Петр принюхался. Теперь, когда он знал, что рядом труп, он ощущал и запах. Но слабый и сухой. Кондиционеры, понял Петр. Мощное тепло машин. И постоянный сильный поток воздуха. Через некоторое время тело бы высохло совсем. Возможно, когда бы его нашли, его бы вообще приняли за бутафорию из какой-нибудь «Дочери фараона».
Если бы нашли.
Он опять остановился. А теперь куда? Направо. Нет, налево. Пошел обратно. Или не было вот этого угла? Неужели, он заблудился?
«Будут две мумии». Петр издал нервный смешок.
Нет, просвет вот этот – точно был. И как бы подтверждая правильность, телефон зазвонил. Номер в Конго, но Siri он был знаком: Игорь, командир «Викинга». Он не обязан докладывать Петру, Петр ему не босс, его босс – Борис. Петр тупо глядел на телефон: отвечать или не отвечать? Ответил:
– Привет.
– У нас апдейт. Водилу шлепнули.
– Какого водилу? – потянул время Петр: мозг просчитывал ходы.
– Который твоего приятеля здесь катал… Такая история.

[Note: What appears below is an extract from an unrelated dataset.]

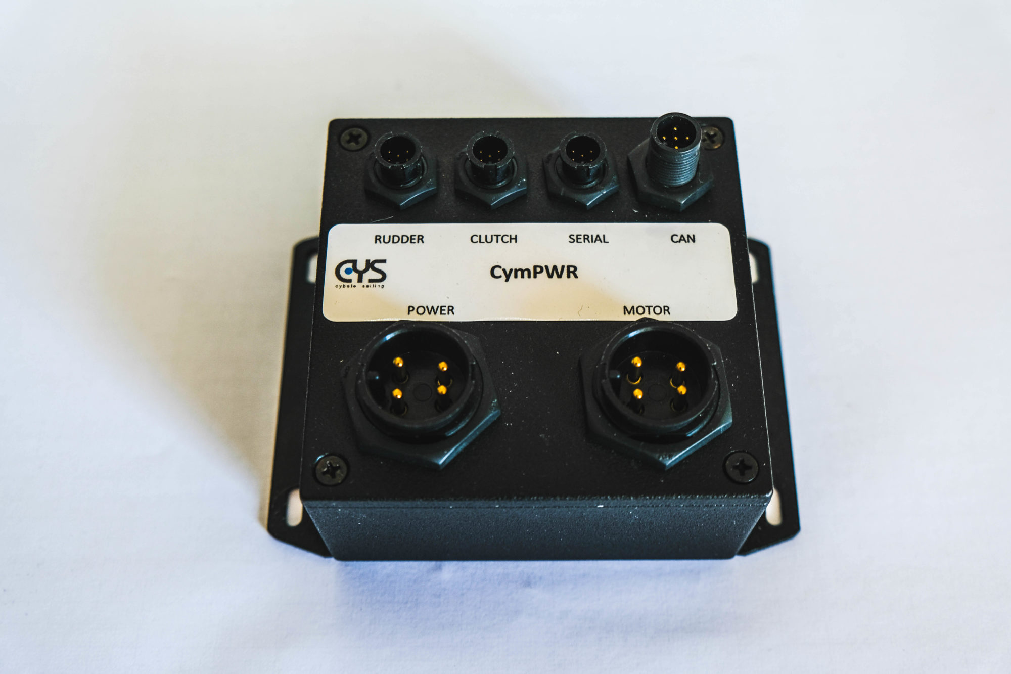 En façade du boîtier CysPWR, différents connecteurs étanches sont disponibles : SERIAL (ports série haut débit), CLUTCH (commande électro-vanne), RUDDER (capteur de barre), CAN (NMEA2000), et les connecteurs de puissance POWER (12V ou 24V) et MOTOR (servomoteur ou pompe hydraulique). Les connecteurs Amphénol LTW sont particulièrement adpatés aux environnements difficiles.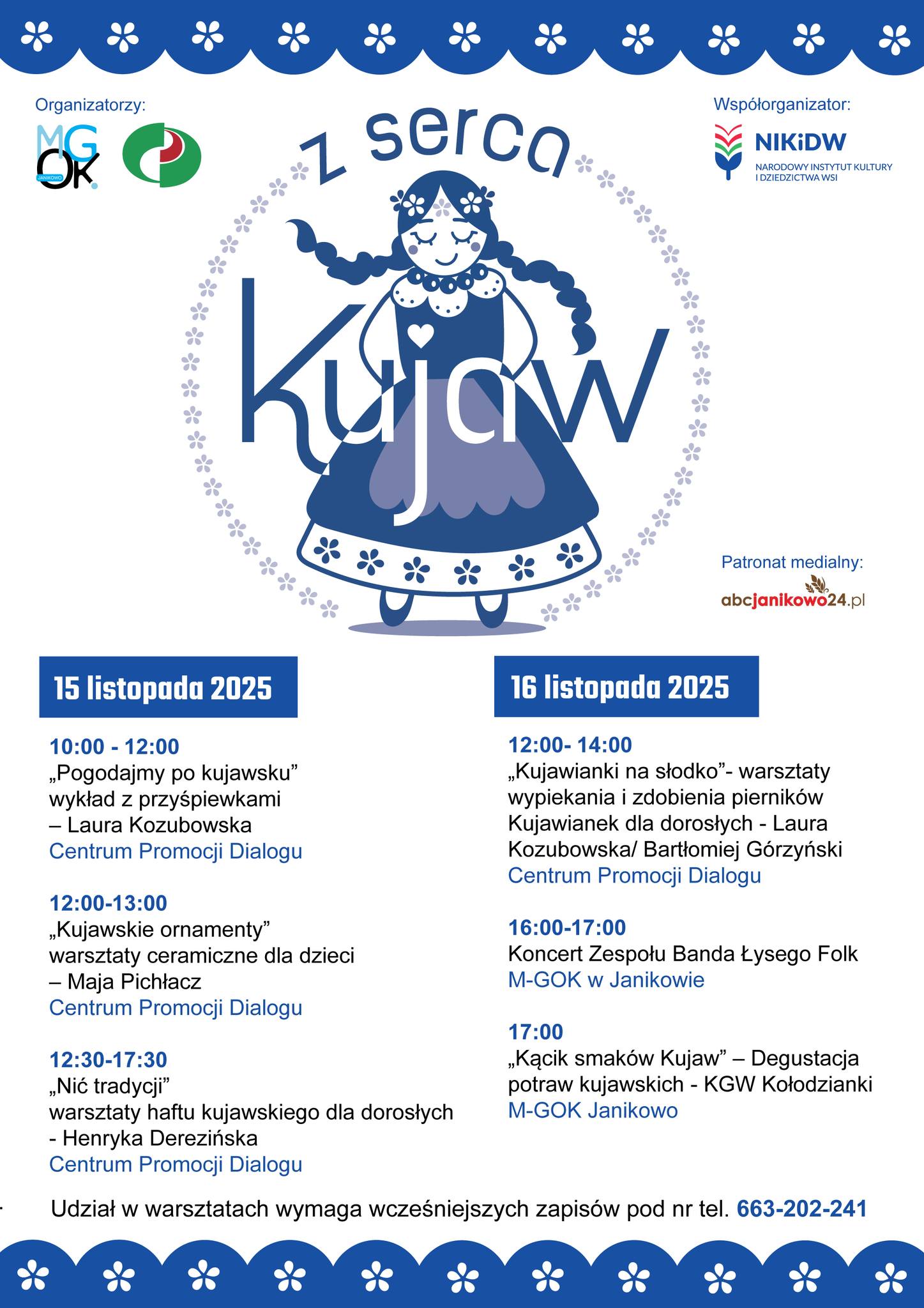 Z serca Kujaw – święto kultury kujawskiej W dniach 15 i 16 listopada 2025 r., dzięki dofinansowaniu z Narodowego Instytutu Kultury i Dziedzictwa Wsi, Centrum Promocji Dialogu we współpracy z Miejsko-Gminnym Ośrodkiem Kultury w Janikowie zrealizuje wyjątkowe wydarzenie kulturalno-edukacyjne, przybliżające bogactwo tradycji Kujaw. W programie znajdzie się m.in. wykład o gwarze kujawskiej połączony z przyśpiewkami …

Инстинкты обострились до предела, Петр отпечатывал в памяти каждое слово Игоря, тщательно взвешивал каждое свое:
– Еще что-то известно?
– Это Африка, – ответил Игорь. По интонации было слышно, что он при этом пожал плечами.
Рискнуть стоило, решил Петр.
– А я слышал, белые.
– От кого? – И тут же быстро: – Неграм все белые, кто не черные, – слишком резко отбил Игорь.
– В новостях, – ткнул пальцем в небо Петр: вряд ли журналистка собиралась долго держать инфу при себе.
Игорь молчал. Может, полез в Интернет, искать новости.
В «Викинге» служили русские, украинцы, прибалты – наемники из бывших советских республик. Петр еще надеялся на какое-то естественное объяснение. Ребята могли просто выпить, просто подраться, многое может случиться в, скажем так, чисто мужском коллективе.
– Узнаю больше – доложу, – пообещал он.
– Игорь, это может быть какая-то наша внутренняя…
«…хрень» уже повисло в пустоте. Связь снова оборвалась.
– Да еб вашу! – прикрикнул Петр. Ему ответило мерное гудение.
Он постоял. Послушал собственное дыхание. Журналистка не врет – зачем ей? Значит, врет Игорь?
Он следует приказам. А приказывать Игорю может только Борис.
Борис.
Борис.
Петр вернулся к генератору. Отпер. Повисла прядь длинных волос. Петр вынул сумочку. Вытащил паспорт, билеты, телефон. Сунул себе в карман. Бережно заправил обратно прядь длинных волос, как бы отдавая мертвой последнюю дань сочувствия. Запер дверцу.
Снова перешел на перекресток, где телефон ловил.
Набрал Бориса, дождался соединения и сказал только одно:
– Я нашел Ирину.
Он не боялся, что Борис перезвонит сразу же: через пару шагов сигнал опять пропал.
Петр стоял и озирался.
Так, теперь – направо? Или налево? Откуда он сюда пришел?
И тогда, поверх гудения, услышал шаги. Замер. Ноги же сами принялись за новую работу: отступали, чтобы прикрыть спину.
Тот, другой, еще не видимый, не шел. Он крался. Он охотился.
А потом замер.
Тот, другой, еще невидимый, очевидно, был готов к броску.
6
Геннадий держал в руке телефон – в голубоватом луче встроенного фонарика перед ним был «Пейзаж с нимфой». Геннадий позволил себе несколько секунд наедине с ним. Жемчужно-розовое тело казалось лебединым бликом в камышах. Огромный Полифем, который подглядывал за купающейся, был одним целым с деревьями, скалами. Геннадий ощутил укол сладкой грусти, как всегда, когда видел красоту, которой суждено пережить своего создателя, его, Геннадия, всех тех, кто напыщенно считали себя ее владельцами.
Смахнул очарование, как паутину (впрочем, паутины здесь как раз и не было). Вынул отвертку. Сплющенный конец легко вошел в пазы бутафорской театральной рамы. Она поддалась с треском. Геннадий замер. Но не из-за треска. Он услышал шаги. Не легкие женские.
А мужские, тяжелые и немного растерянные – решающие, куда идти.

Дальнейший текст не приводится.